Сталин и писатели. Книга вторая | страница 77



Иосиф Виссарионович очень внимательно ознакомился с нашими планами, одобрил их и дал указания, которые мы положили в основу нашей работы.

Все это говорилось по поводу его работы (совместно с режиссером В.М. Петровым) над сценарием будущего фильма. Но имело самое прямое отношение и к роману.

В этом объяснении много явной чепухи, неизбежных в обстоятельствах того времени политических штампов и ярлыков: «фашистские прихвостни», «троцкисты и их рапповская агентура», «троцкистские происки», «школка Покровского»… Ну и, разумеется, непременная величальная «товарищу Сталину». Произнести публичную речь, не перекрестившись на эту икону, в то время не мог ни один публичный оратор.

Но вся эта шелуха не должна заслонить от нас главного. Главное же состояло в том, что сталинский «поворот всем вдруг» в отношении к России и ее историческому прошлому не просто пришелся А.Н. Толстому по душе: он оказался для него в полном смысле этого слова спасительным.

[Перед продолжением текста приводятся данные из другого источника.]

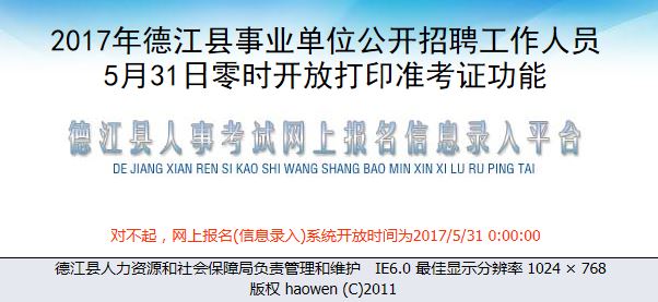 2017年5月31日 至 2017年6月02日 | 铜仁市德江县事业单位 |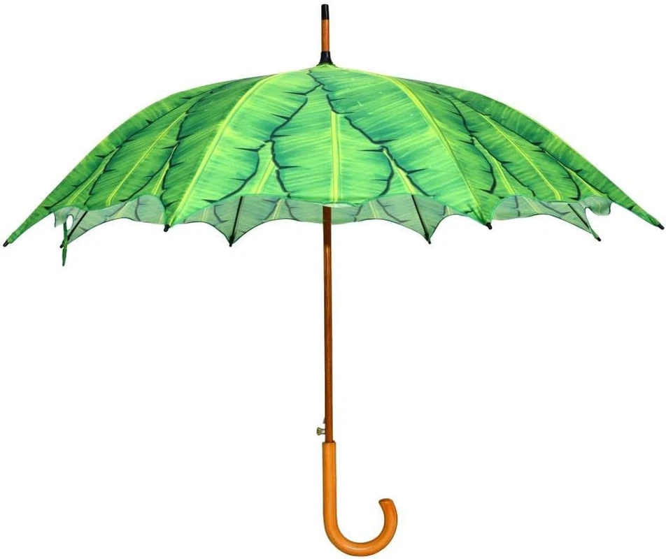 Bright and colorful umbrella makes a walk in the rain more fun Displays overlapped banana leaves when open Schima superba wood handle and ferrule complete the look of this eye-catching umbrella Fiberglass shaft with high-quality spring; sturdily constructed to provide years of service 40.9” wide x 34.6” high Esschert Design TP336 Banana Leaf Umbrella, Green. This bright and colorful umbrella displays overlapped banana leaves when open. The Schima superba wood handle and ferrule complete the look of this eye-catching umbrella. Features a fiberglass shaft with high-quality spring; sturdily constructed to provide years of service. Dimensions: 40.9” wide x 34.6” high. Weighs 1 pounds. Esschert "More Than A Design"

В политической атмосфере, в которой полагалось утверждать, что старая, дореволюционная Россия во все времена ее исторического существования была страной «звериной темноты», «насилья и бесправья», «книгой без заглавья, без сердцевины, без лица» и «лишь тем свой жребий оправдала, что миру Ленина дала», — в такой политической атмосфере А.Н. Толстой как исторический писатель просто не мог бы существовать. А ведь такой взгляд на историческое прошлое России исповедовали и проповедовали отнюдь не только троцкисты, рапповцы и последователи «школки Покровского»: это был взгляд общепринятый, единственно возможный с точки зрения господствующей в стране государственной (тогда еще — революционной) идеологии.

Так что процитированное выше объяснение А.Н. Толстого, при всей удручающей лакейской сервильности его тона, в основе своей содержало некое рациональное зерно и в какой-то мере было даже искренним.

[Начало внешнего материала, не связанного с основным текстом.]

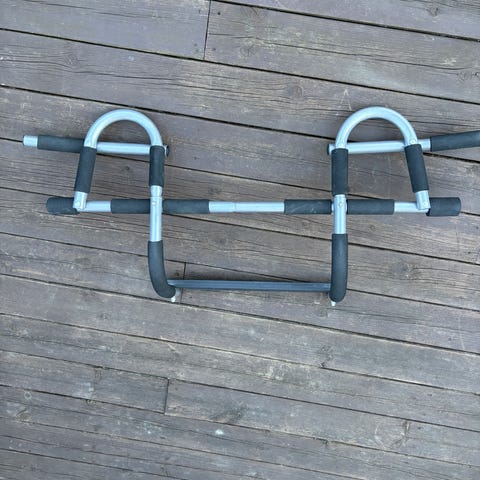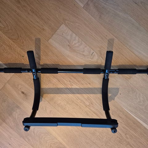 Adidas pull up bar dørstang i svart metall med polstrede håndtak. Kan henges over dørkarm for chins og pull ups, og har flere gripeposisjoner for varierte overkroppsøvelser. Egnet til bruk hjemme der det er passende døråpning og stabil karm.

Но в другой раз Алексей Николаевич, задаваясь тем же вопросом, ответил на него по-иному:

Каким образом люди далекой эпохи получились у меня живыми? Я думаю, если бы я родился в городе, а не в деревне, не знал бы с детства тысячи вещей, — эту зимнюю вьюгу в степях, в заброшенных деревнях, святки, избы, гаданья, сказки, лучину, овины, которые особым образом пахнут, я, наверное, не мог бы так описать старую Москву. Картины старой Москвы звучали во мне глубокими детскими воспоминаниями. И отсюда появлялось ощущение эпохи, ее вещественность.

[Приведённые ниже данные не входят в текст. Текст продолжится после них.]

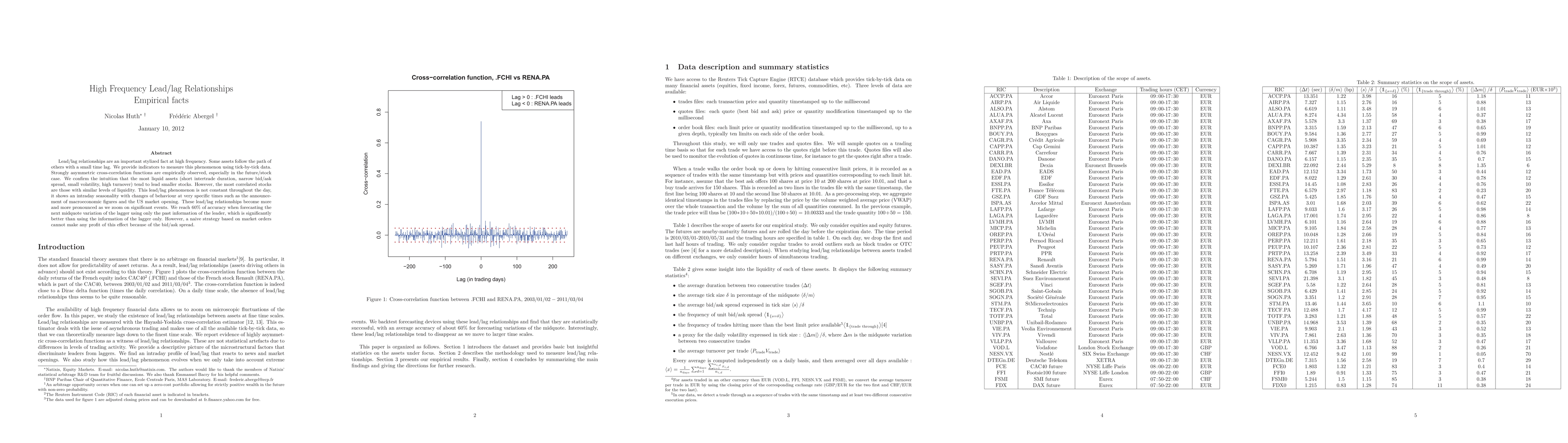 Lead/lag relationships are an important stylized fact at high frequency. Some assets follow the path of others with a small time lag. We provide indicators to measure this phenomenon using tick-by-tick data. Strongly asymmetric cross-correlation functions are empirically observed, especially in the future/stock case. We confirm the intuition that the most liquid assets (short intertrade duration, narrow bid/ask spread, small volatility, high turnover) tend to lead smaller stocks. However, the most correlated stocks are those with similar levels of liquidity. This lead/lag phenomenon is not constant throughout the day, it shows an intraday seasonality with changes of behaviour at very specific times such as the announcement of macroeconomic figures and the US market opening. These lead/lag relationships become more and more pronounced as we zoom on significant events. We reach 60% of accuracy when forecasting the next midquote variation of the lagger using only the past information of the leader, which is significantly better than using the information of the lagger only. However, a naive strategy based on market orders cannot make any profit of this effect because of the bid/ask spread.

Этих людей, эти типы я потом проверял по историческим документам. Документы давали мне развитие романа, но вкусовое, зрительное восприятие, идущее от глубоких детских впечатлений, те тонкие, едва уловимые вещи, о которых трудно рассказать, давали вещественность тому, что я описывал. Национальное искусство — именно в этом, в запахах родной земли, в родном языке, в котором слова как бы имеют двойной художественный смысл — и сегодняшний, и тот, впитанный с детских лет, эмоциональный, в словах, которые на вкус, на взгляд и на запах — родные.